12.04.2012

for heaven's sake.


…& I move in slow motion.
watching the sky fall & trees disappear inside themselves.
wait, I am trembling. this is taking some recollection.
it’s much like familiarizing yourself with a bicycle or
roller skates after years of just trusting your stride.
ok, there they are. all in a pretty row, just where I left
them, just like a firing squad.

people stare. they stare at me. I swear it’s like they know me, but they don’t know me. every single movement that is captured in my peripheral vision somehow oddly resembles a girl waving her arms with them raised above her head. or maybe not a girl, just a whole crowd of people waving their arms above their heads, just to my right & left, just inside my line of sight.
wait, there’s a static hum pulling me out of here &
into the rest of the room. I deduce like a computer.
that’s the record player. vinyl scratch & hiss.

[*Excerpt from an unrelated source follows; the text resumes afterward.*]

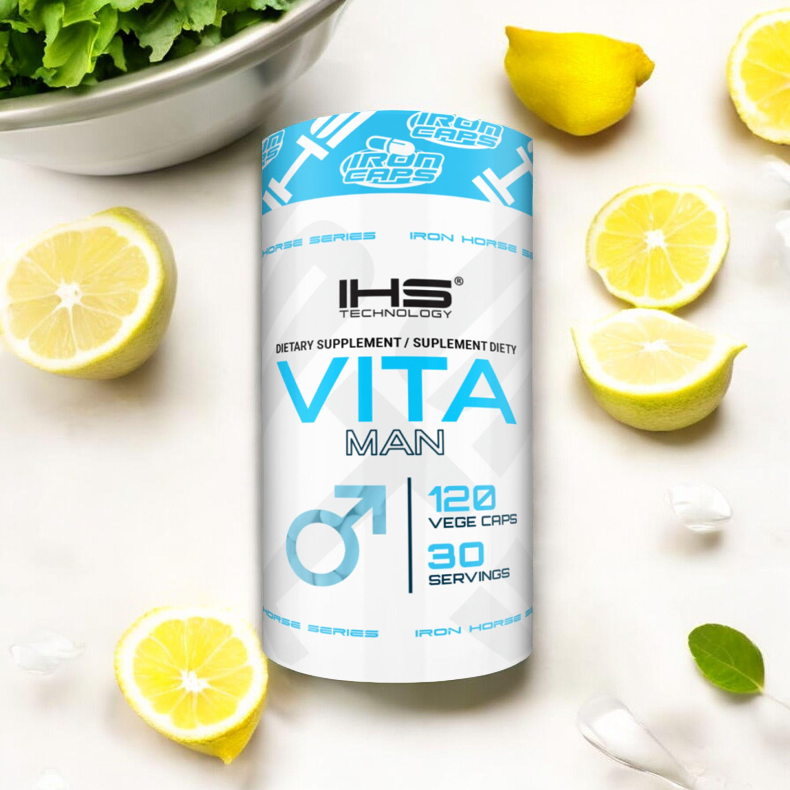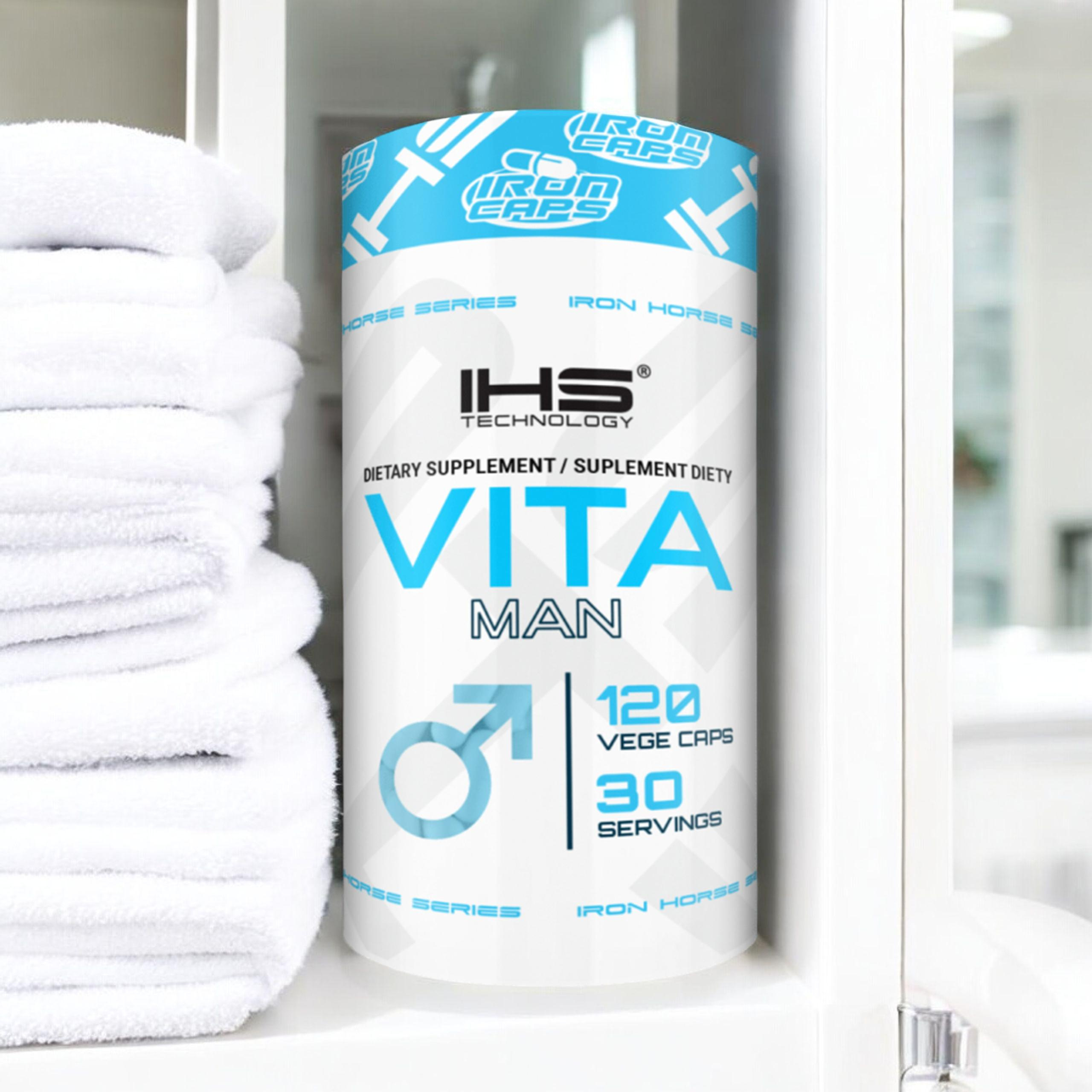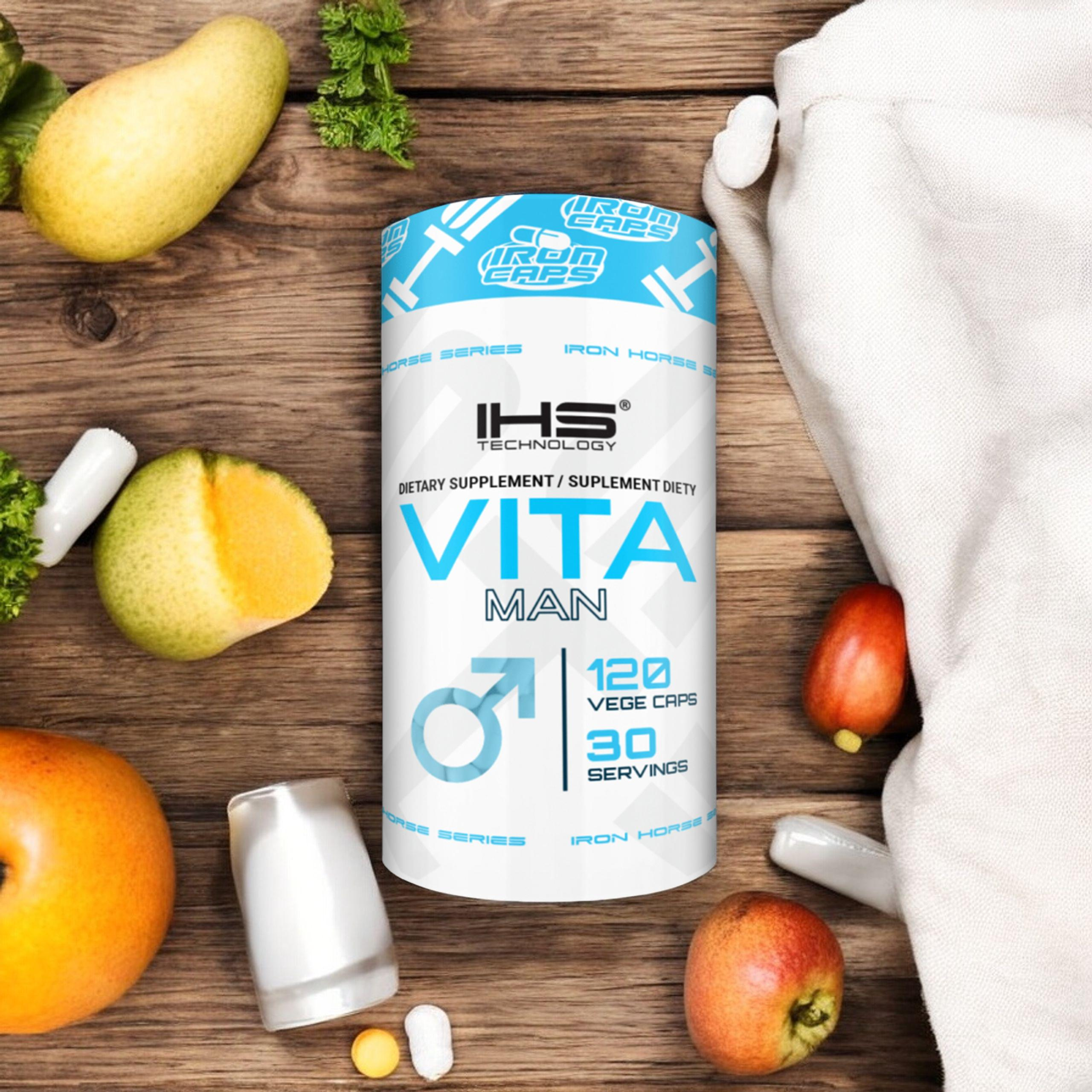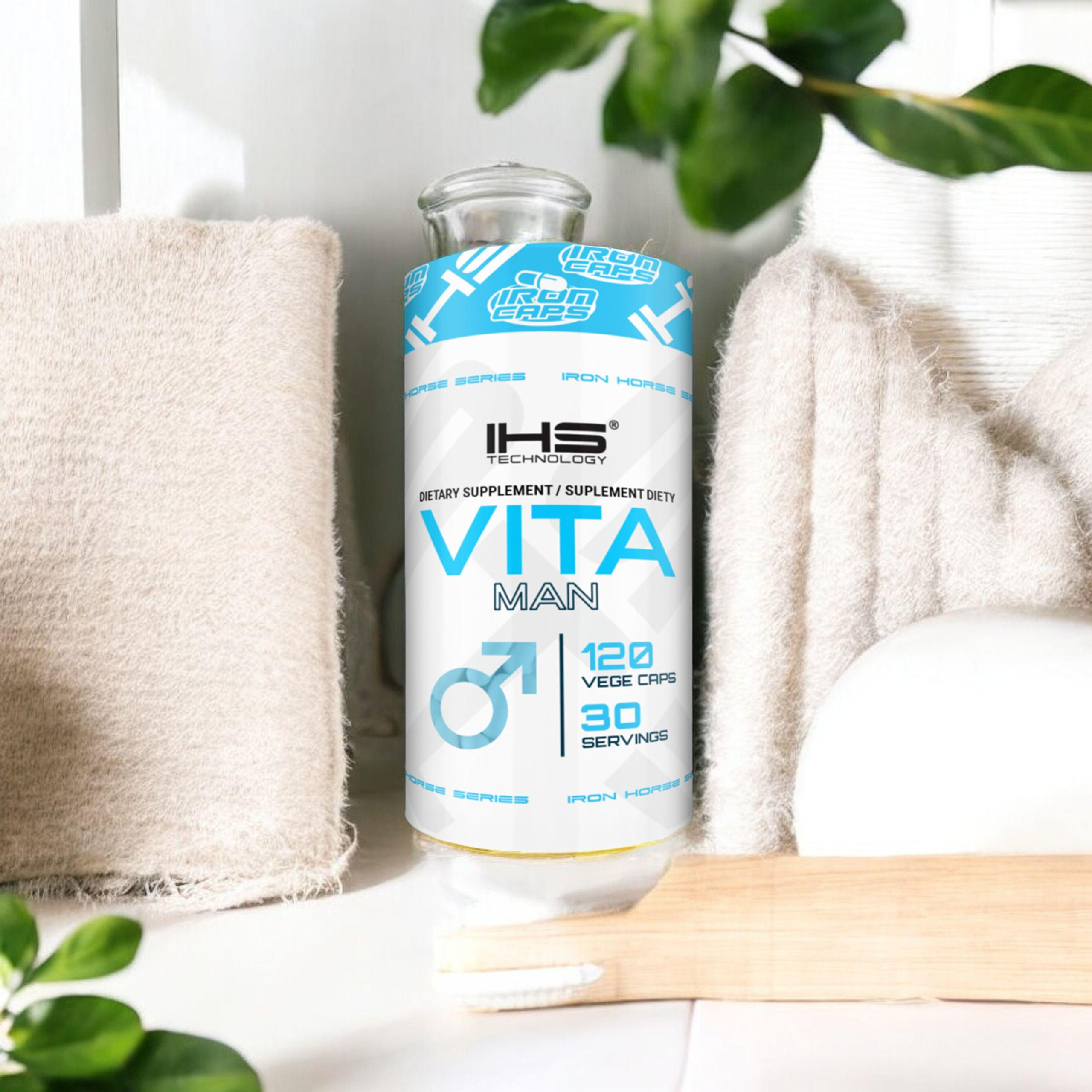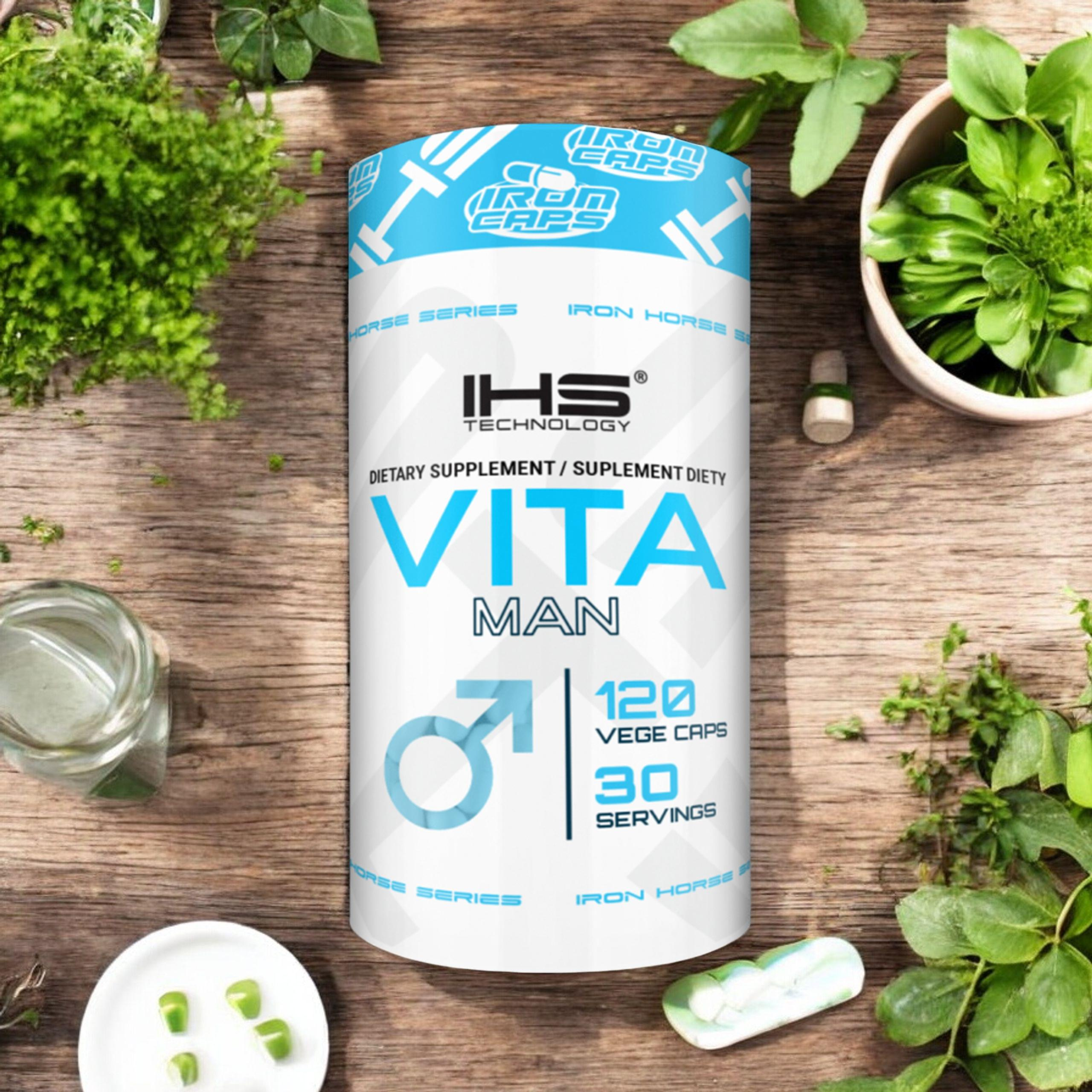 - Vita Man der Marke Iron Horse Series ist ein umfassendes Supplement für Männer, das 30 Schlüsselinhaltsstoffe enthält. Unterstützt Energie, Konzentration, Immunität und allgemeine Vitalität. 120 vegetarische Kapseln.

I need
to turn the record over. stand & do so.

but, in front of me. it’s clear. the clouds have soaked into the rivers & lawns. buildings all fell down. trees disappeared into themselves, like I said. & there is a door
& a shadow, standing above the line where everything started & only went up. we called it the horizon. some strange fixed point in our world where everything that had a beginning, began.
wait, I’m steering this wrong.
no, I like it.
the metaphor has simply crescendo’d a bit
& they’ll go there…if not, I will, so do it.
do it still.

hey, you’re wasting time.
that door leads to another door, which leads to another door. doors I will open for the rest of my life. that shadow stands outside every door. looks at me, watches me, knows me, goes through with me. that shadow is you. & that makes me extremely vulnerable. extremely naked. extremely at risk. extremely fulfilled. extremely where I want to be. & I’ll keep opening doors. seeing you on the other side of each. wondering if i always will but knowing that certainly, of course I will. end slow motion.
& the metaphor ends.
you always do that.
it works for me, works for them, it’s how I am.
honest.
it has to be real. everything.
or even I won’t believe it.
& I always end up believing it.
funny how you look so different than me.
interesting, mathematical, genius.
it’s the reason I don’t ask questions & the reason all
those people waving their arms over there will
never get my attention or understand why not?